Nel mio caso, come dicevo prima, dovevo imparare l' UMILTA'. Ho impiegato una
vita e ho pian piano capito che forse il karma aveva ragione. Fu lui ad insegnarmi ad
assumere posizioni responsabili e quindi di religioso rispetto della vita e degli altri.
Bella lezione questa , l' UMILTA'. Questa è la caratteristica più importante della mia
storia personale : la mia percezione quotidiana della presenza del Karma …....... Se
fossi un po' più sfrontato, molto confidenzialmente, …........ potrei attribuirgli un
nomignolo, considerata l’intensità della frequentazione. Non credo la prenderebbe
come un eccesso di confidenza con quello che ho pagato in termini di scuola di vita.
I maestri : ad ognuno di loro ho legato un salto di qualità della mia vita, doni
incredibili.
Il karma , dunque, mi disciplinava attraverso percorsi anche di sofferenza e, al
tempo stesso, proponeva doni. Il primo è stato alla nascita , mi ha aiutato a
costruire una macchina bio-fisica-psichica resistentissima ed io che col tempo ho
capito, l’ho sempre curata con dedizione .
Da ragazzino praticavo judo e mi ha fatto incontrare il mio meraviglioso maestro che
dopo pochi anni sarebbe diventato il coach della nazionale femminile azzurra.
Ho incontrato il più grande astrologo della comunità italiana, così lo considero, che
mi ha aperto un mondo interessantissimo, da non sottovalutare se osservato con
strumenti culturali adeguati.
Da avvocato mi ha procurato un maestro di professione di una sensibilità umana
prima che professionale indicibili, fonte per me di grande ispirazione.
Poi in politica e nell'esperienza dell'amministrazione pubblica, maestri e maestri
ancora.
Quindi come si fa a non capire, il karma ci forma attraverso la sofferenza e
contemporaneamente ci assiste per quanto possibile.
Il mio Karma ed io da un po' di tempo dialoghiamo di giorno e di notte nel sonno ,
simil apparizione della madonna, ormai siamo intimi, mi ha insegnato a vivere, mi
pare normale arrivare ad un nostro specifico misticismo, dopo un lungo percorso ed
il mio è già sufficientemente lungo.
Dicevo in premessa di uno dei più grandi maestri che il mio Grande Karma mi ha
portato, il mio maestro di Tao dell'amore, incontrato ad una banale cena di amici .
Nessuno capiva di cosa parlassimo, lui era un ometto per niente appariscente, ci
7
isolammo nel nostro incontro per alcune ore, riuscì a coinvolgermi su una disciplina
vasta e intensa per il vissuto di uomo.

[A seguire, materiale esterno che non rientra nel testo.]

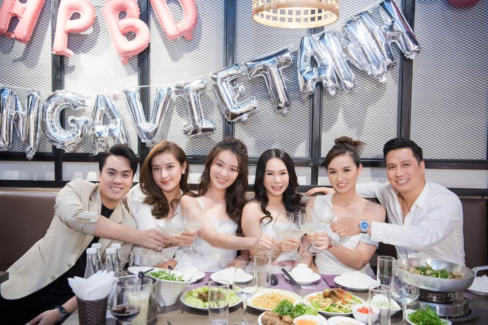 Bữa tiệc có sự xuất hiện của những người bạn thân của Quỳnh Nga, đặc biệt là diễn viên Việt Anh. Trước đó, cả hai dính tin đồn tình cảm.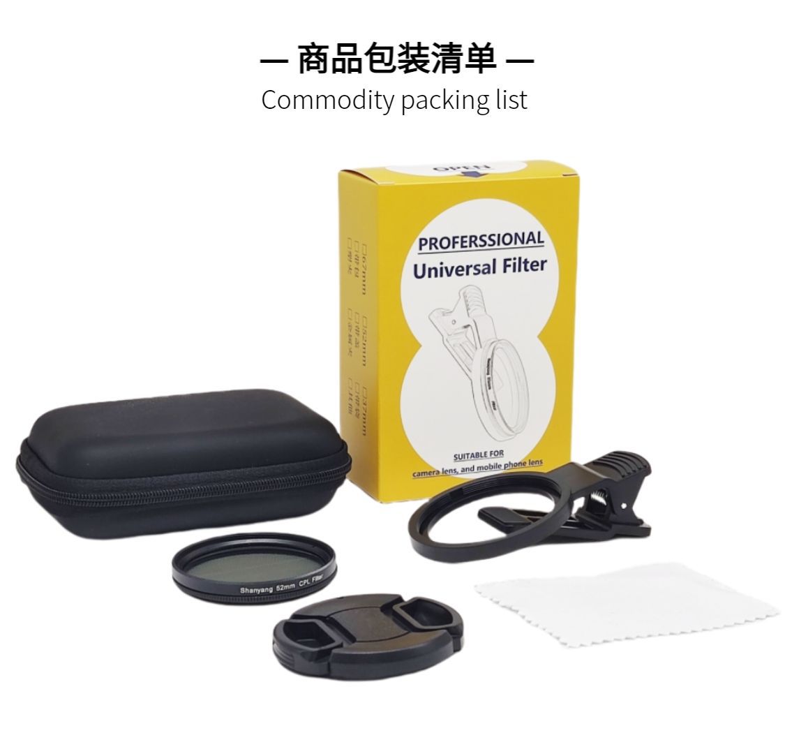 📦 | 52mm cpl polarizing filter + lens clip + cleaning cloth [pearl bag] | ¥13.59 / ≈ 164 ₽ | 19994 | 6102366131491 | |

Non l'ho più incontrato ma lui quella sera mi
consegnò le chiavi di un percorso incredibile che poi sviluppai con studi e pratica,
seguendo i suoi precetti e scoprendo incredibilmente che io ero un taoista naturale.

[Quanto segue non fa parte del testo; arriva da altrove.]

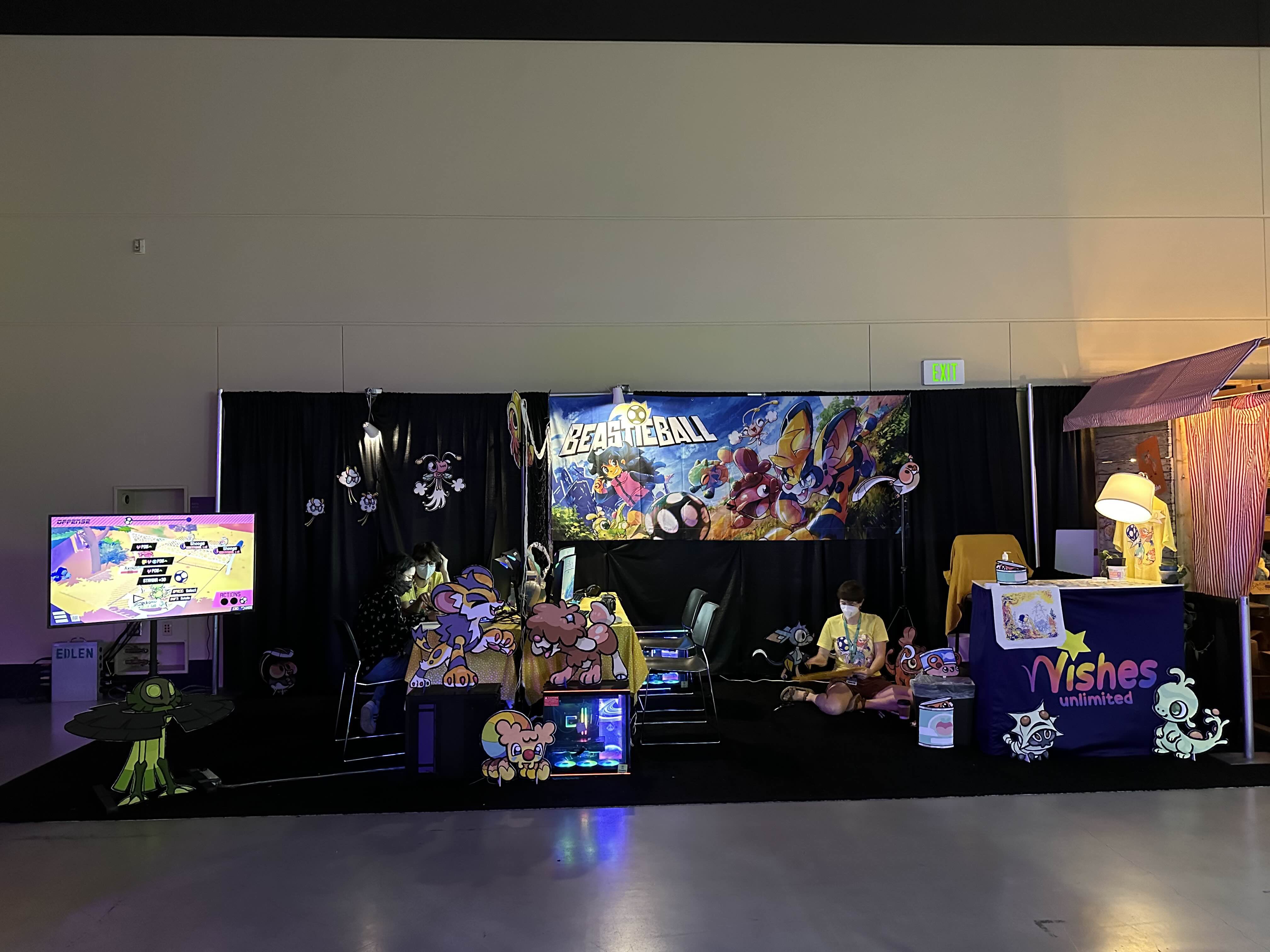 For this show demo, we added a temporary special feature called the Champ Challenge. Every demo station had a current champion named on the title screen. Instead of playing the usual demo, players could opt into challenging the current Champ; if they did so, they were assigned a random team of 4 Beasties and took on the previous Champ’s team in a bossfight-like encounter. And if they won, their team would take over the demo and their name would be added as the current Champ!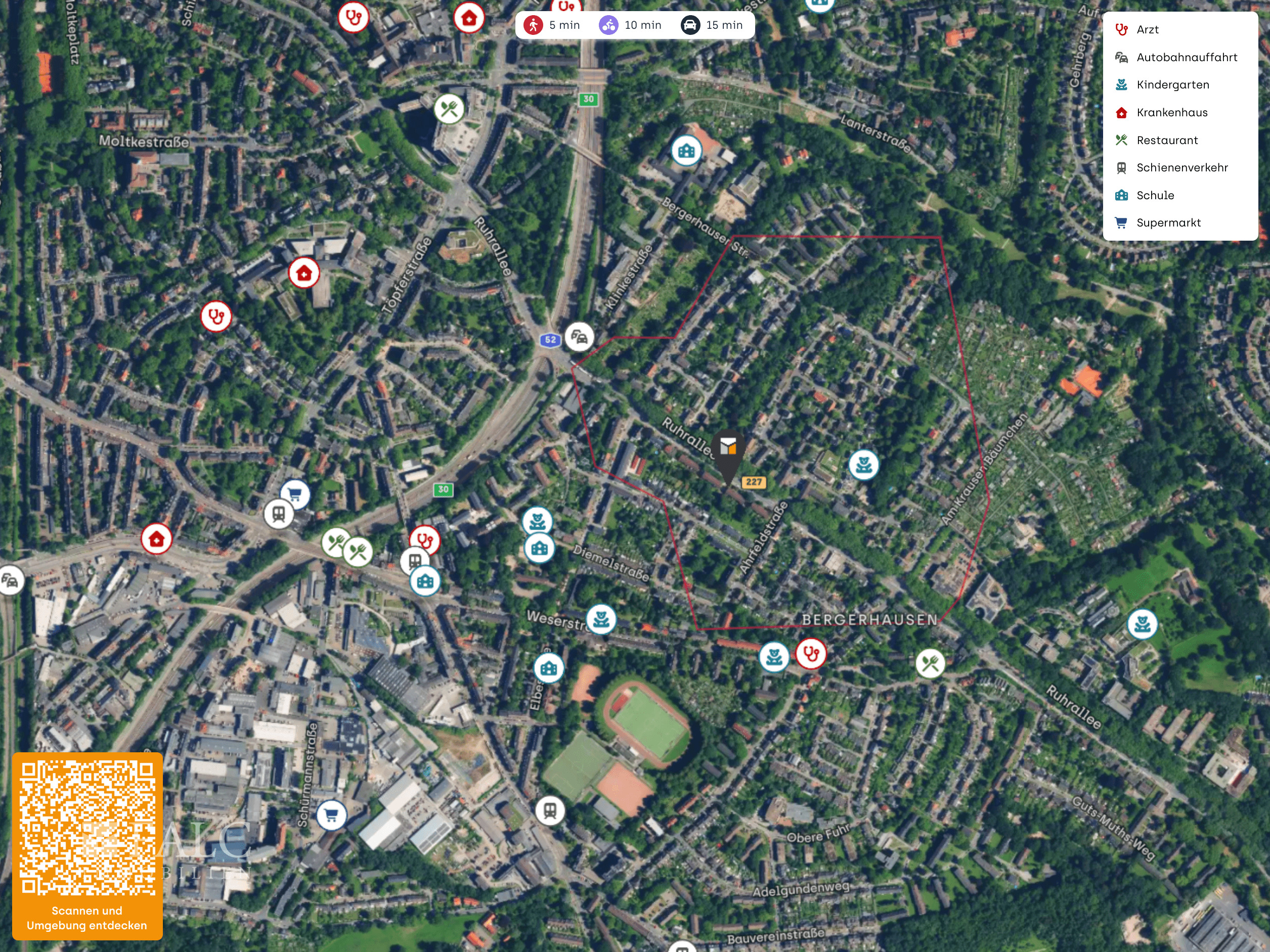 Wer in seiner Freizeit sportlich aktiv sein möchte, wird sich über das nahegelegene Fitnessstudio FitX Essen-Bergerhausen in ca. 402 Metern Entfernung freuen. Die grünen Oasen der Stadt, wie der Park Siepental, sind ebenfalls in wenigen Gehminuten erreichbar und laden zu erholsamen Spaziergängen ein.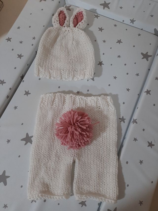 suave conjunto de bebé para fotos de recién nacido. gorro conejo y pantalón con colita pompón. Más cosas chulas en mi perfil!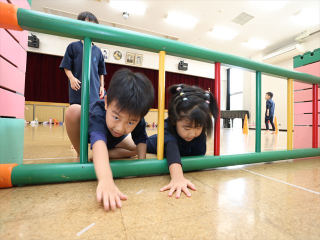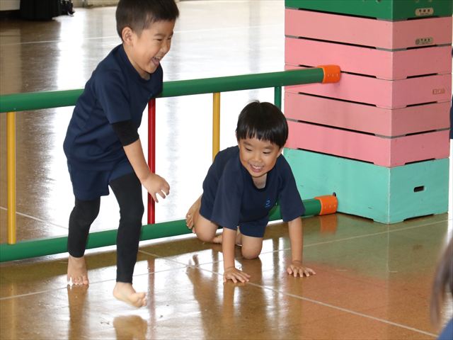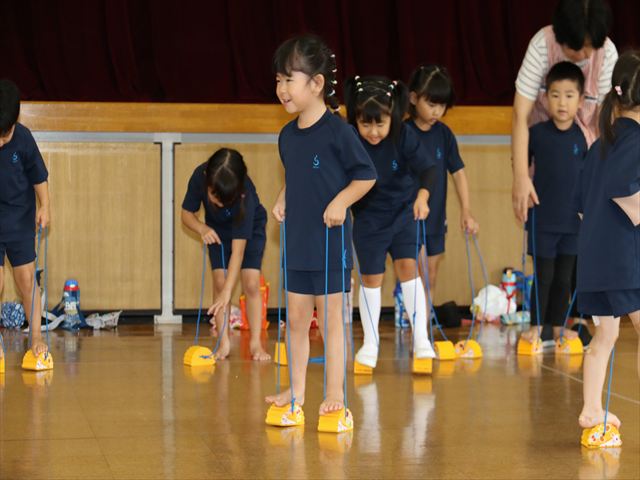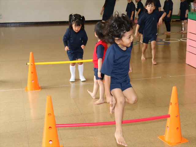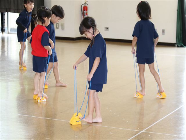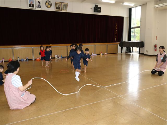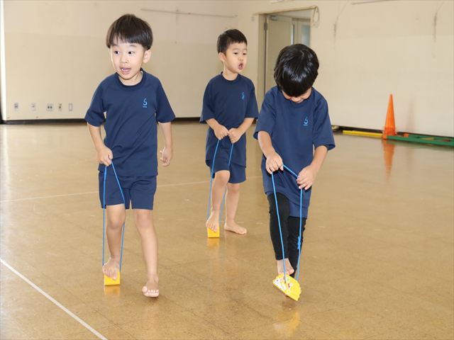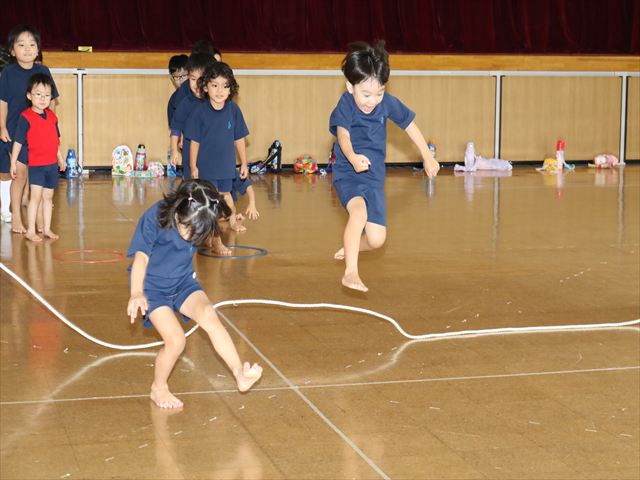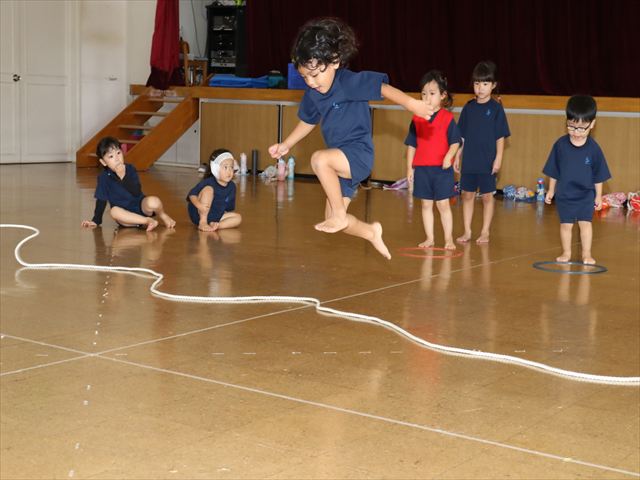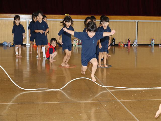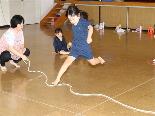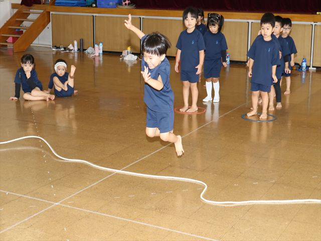 動く縄をジャンプして飛び越えました🌈横や縦に動く縄に当たらないように気を付けながらジャンプ🌟

Curiosi eh ? Merita una discussione seria e approfondita. A proposito dei dialoghi
con il karma posso solo aggiungere che abbiamo stretto un accordo e che ormai
siamo alleati. Lui si dichiara discretamente, non del tutto, soddisfatto di me. Io lo
sono molto di Lui. Bè , diciamo francamente che non c’era altra scelta.

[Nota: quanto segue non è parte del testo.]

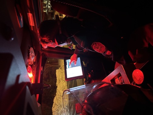 Firefighter accessing information in real-time using upgraded technology in an MFES truck.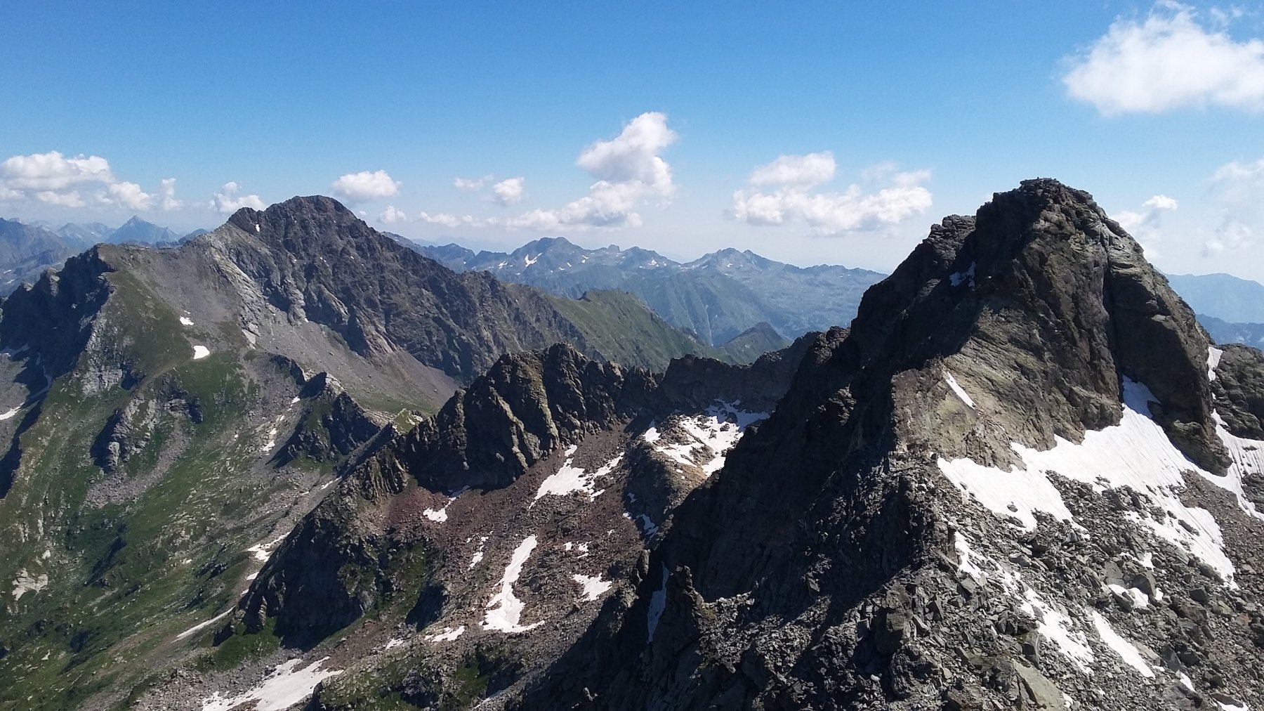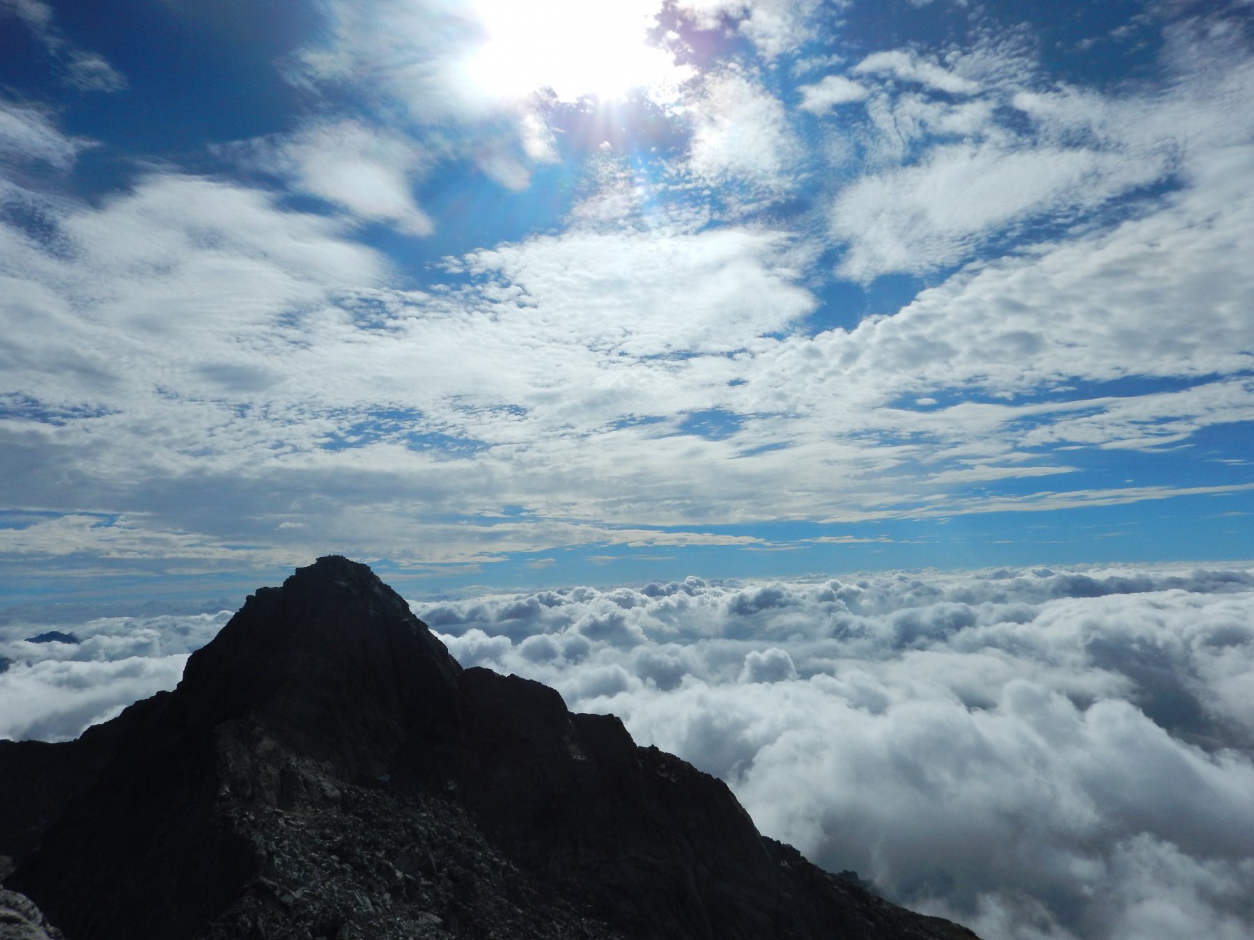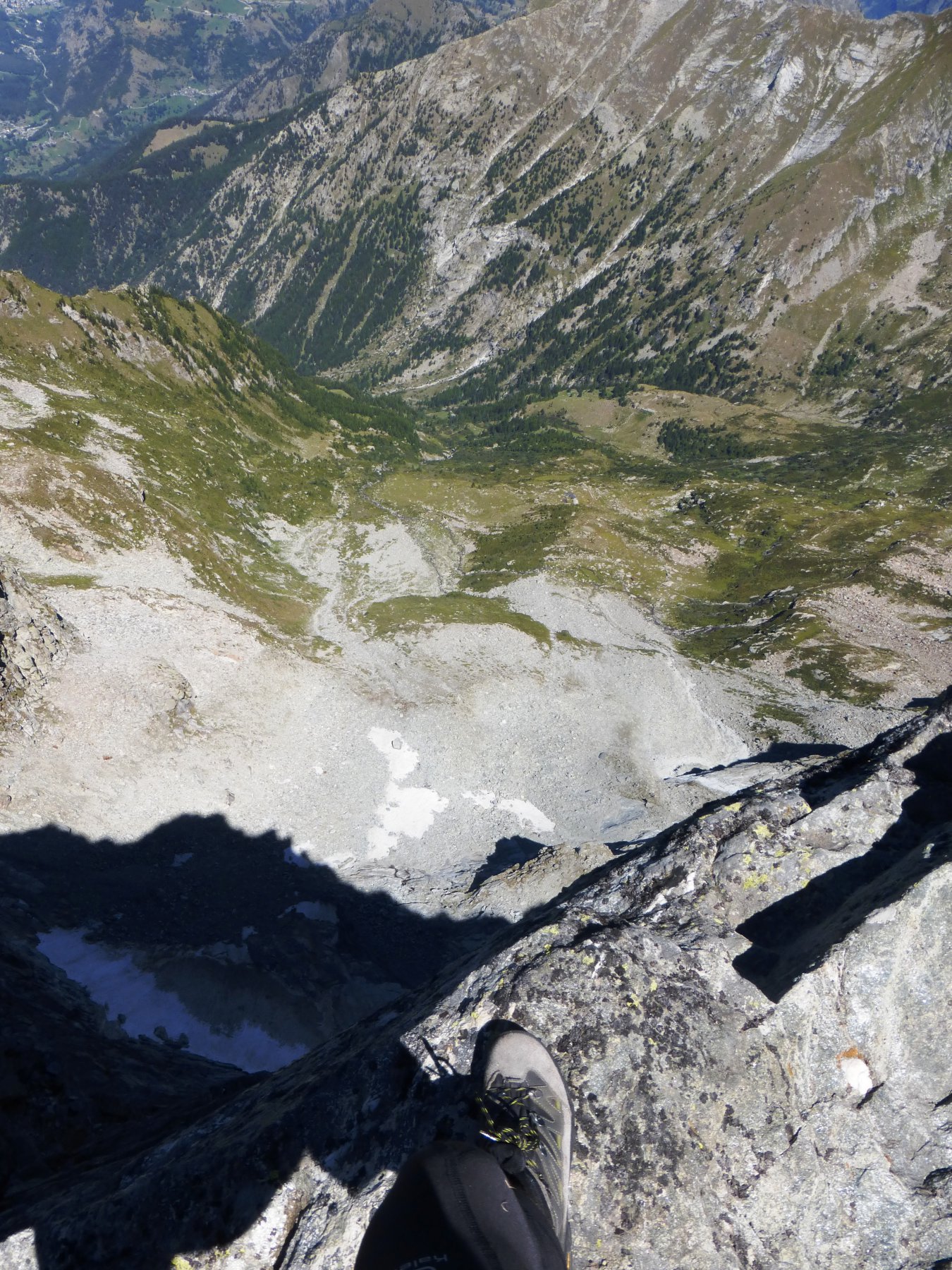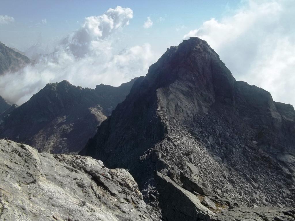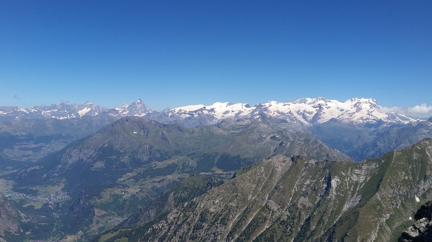 Ora il percorso si mantiene in cresta, per un primo breve tratto leggermente aerea, tra tracce e roccette, e poi decisamente più comoda e larga. Si alternano tratti di sentiero ad altri con roccette e detriti, raggiungendo una spianata pochi metri sotto la cima. Si superano le roccette finali che non destano preoccupazione fino all’aerea vetta (attenzione al baratro sul versante Val d’Ayas).

La vita, dunque. Cos'è che la rende “una” ? Uno spirito, un corpo, un'anagrafe, un
Karma. Certo non è poco ma cosa la rende “tante” ? I salti, i sentimenti mutati, le
sfumature decisive della personalità nel suo divenire, la certezza che una qualsiasi di
queste sfumature condizionerà le scelte, le decisioni, gli amori. E' la contraddizione
fondamentale dell'esistenza dell'uomo : la molteplicità nella unicità. Rispetto alla
quale contraddizione nulla possiamo se non assumerne consapevolezza. Assunzione
decisiva perchè aggiunge un “senso” in più alla storia di un uomo, “il senso del
relativo” di un essere senziente e quindi del rispetto che ognuno di noi deve alla
multiformità come all’unità che già regna in noi stessi come nell’universo.